ASSIGNED TASK:
Write out the lines of the material below exactly, beginning at the line with "- FEATURES/BENEFITS: This" and stopping after the line with "Per fer el floc", and leave out the pictures.

THE RECORDS:
[Start of Attachment]

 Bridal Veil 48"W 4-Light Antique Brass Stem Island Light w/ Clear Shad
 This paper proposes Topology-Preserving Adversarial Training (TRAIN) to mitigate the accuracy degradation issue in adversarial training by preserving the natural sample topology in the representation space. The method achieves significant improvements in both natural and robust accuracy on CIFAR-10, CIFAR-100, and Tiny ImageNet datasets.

[End of Attachment]
[Start of Attachment]

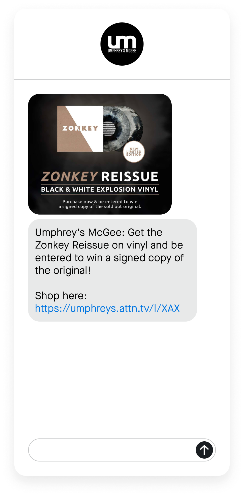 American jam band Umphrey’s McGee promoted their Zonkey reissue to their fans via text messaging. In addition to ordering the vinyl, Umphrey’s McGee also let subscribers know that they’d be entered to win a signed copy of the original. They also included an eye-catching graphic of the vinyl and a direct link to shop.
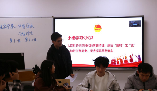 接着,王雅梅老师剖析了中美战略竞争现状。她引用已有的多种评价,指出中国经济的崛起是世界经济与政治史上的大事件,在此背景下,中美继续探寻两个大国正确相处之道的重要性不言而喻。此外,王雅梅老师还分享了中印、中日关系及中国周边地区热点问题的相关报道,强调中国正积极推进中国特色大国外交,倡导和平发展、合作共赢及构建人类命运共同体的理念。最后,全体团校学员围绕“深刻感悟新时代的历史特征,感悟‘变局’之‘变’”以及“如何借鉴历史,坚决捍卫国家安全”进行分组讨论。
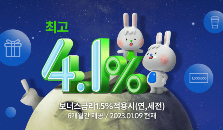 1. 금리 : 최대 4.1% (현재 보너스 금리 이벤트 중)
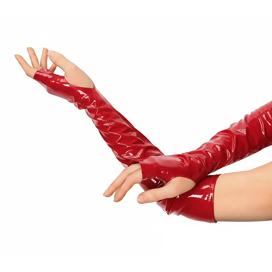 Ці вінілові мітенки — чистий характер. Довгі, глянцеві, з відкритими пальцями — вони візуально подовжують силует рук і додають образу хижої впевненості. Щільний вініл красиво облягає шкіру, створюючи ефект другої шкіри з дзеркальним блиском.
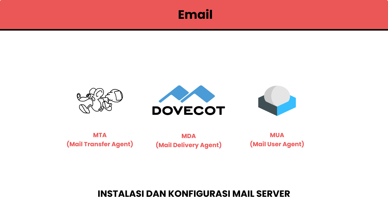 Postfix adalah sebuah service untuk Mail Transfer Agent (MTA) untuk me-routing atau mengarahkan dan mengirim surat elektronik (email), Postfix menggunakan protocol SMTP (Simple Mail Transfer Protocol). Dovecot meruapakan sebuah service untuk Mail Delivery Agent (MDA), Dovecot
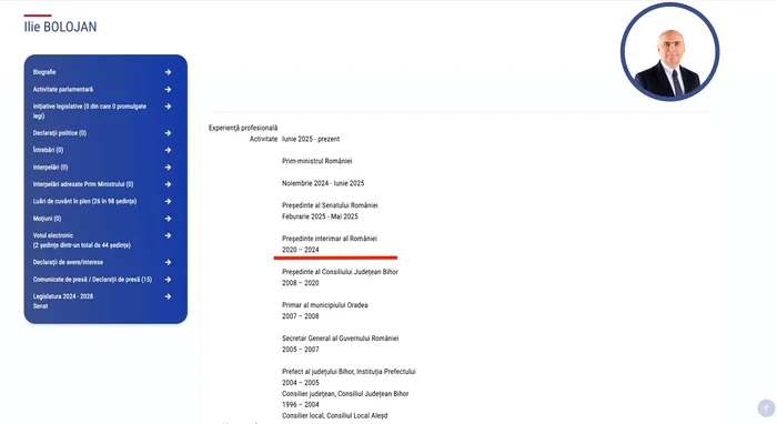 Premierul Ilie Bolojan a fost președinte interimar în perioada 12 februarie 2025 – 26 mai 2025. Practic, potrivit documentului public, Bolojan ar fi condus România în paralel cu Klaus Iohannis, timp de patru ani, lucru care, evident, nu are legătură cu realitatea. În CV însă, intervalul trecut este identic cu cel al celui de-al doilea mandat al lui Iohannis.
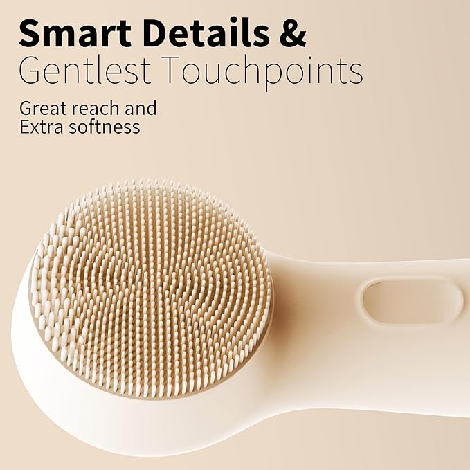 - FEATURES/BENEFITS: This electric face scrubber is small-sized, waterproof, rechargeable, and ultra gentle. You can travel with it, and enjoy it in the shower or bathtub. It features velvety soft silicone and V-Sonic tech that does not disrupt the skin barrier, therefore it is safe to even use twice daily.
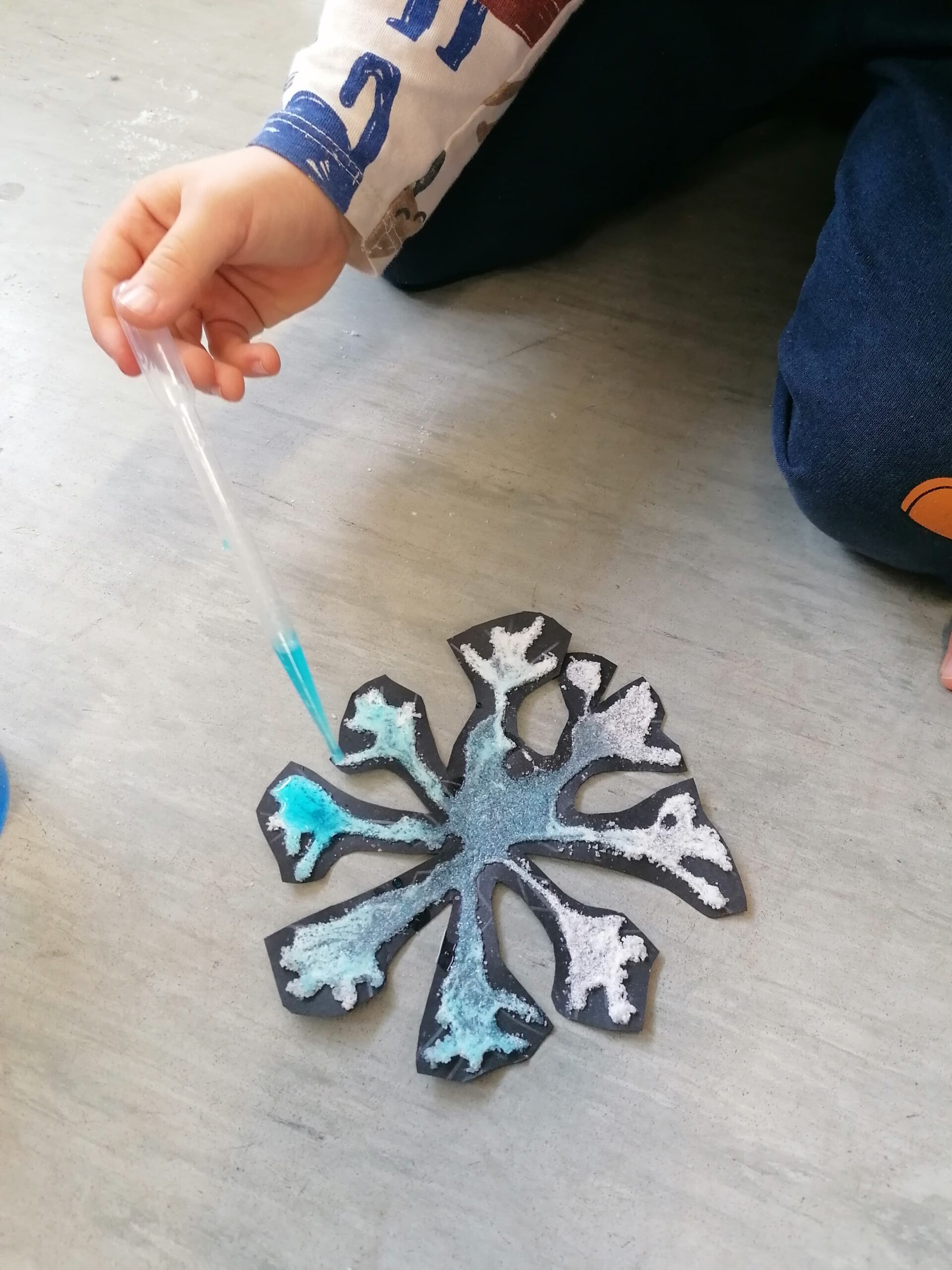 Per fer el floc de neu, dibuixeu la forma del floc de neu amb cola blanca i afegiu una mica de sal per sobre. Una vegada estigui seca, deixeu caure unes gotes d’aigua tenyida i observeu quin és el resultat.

[End of Attachment]

RESULT BELOW:
 - FEATURES/BENEFITS: This electric face scrubber is small-sized, waterproof, rechargeable, and ultra gentle. You can travel with it, and enjoy it in the shower or bathtub. It features velvety soft silicone and V-Sonic tech that does not disrupt the skin barrier, therefore it is safe to even use twice daily.
 Per fer el floc de neu, dibuixeu la forma del floc de neu amb cola blanca i afegiu una mica de sal per sobre. Una vegada estigui seca, deixeu caure unes gotes d’aigua tenyida i observeu quin és el resultat.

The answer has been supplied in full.